Fungi, Slime Molds, and Rusts
Fungi is mainly classified based on their reproductive structure. There are 7 Phyla currently proposed.
Fungi is responsible for most of the decomposition of fallen trees and dead limbs. The real impetus of fungi is not the fruiting body but rather the mycelium that is deep within the wood, litter, or ground.
Some general questions to note in your field guide that are helpful to making an accurate ID are:
- On what strata did you find it? (certain type of tree, decaying wood, dirt, manure,etc)
- What type of odor does it have? Many mushrooms have a distinct aroma and this can be key to making an ID.

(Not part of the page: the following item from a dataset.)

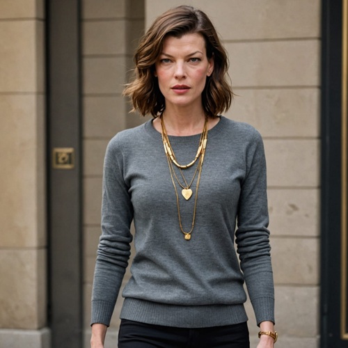 Typical of most Romulan women, she's tall and slender. Her hair is shoulder length and with few of the more common to other Romulans fetures. She's typically dressed in more federation styles, especially human with her own flare. |

- Does it have gills, pores, or ridges?
- What color are the gills? This is easily told by making a spore print. Cut the stalk off and put the cap on a piece of transparent or wax paper with a cup over it so it remains moist. Leave it overnight and you’ll have the print in the morning. By using the wax paper, you can put different colors underneath it to see if the spores are light colored or dark colored.
Fungi found at Driftless Prairies….so far:
Calvatis gigantea -Giant Puffball
Conocybe tenera group – Brown Dunce Cap
Coprinopsis lagopus -Inky caps
Cyathus striatus – Dung-loving Bird’s Nest Fungus
Morchella esculenta – Yellow Morel
Morganella pyriformis – Pear-shaped Puffball
Stereum complicatum – Crowded Parchment
Trametes versicolor – Turkey-tail
Slime molds have 2 life phases that have been described as “animal-like, creeping” and “fungus-like, fruiting” states. Doesn’t knowing just that one description intrigue you about these?? Some of their fascination is because they “possess characteristics of both animal and fungi.” They look like fungi but can move like animals!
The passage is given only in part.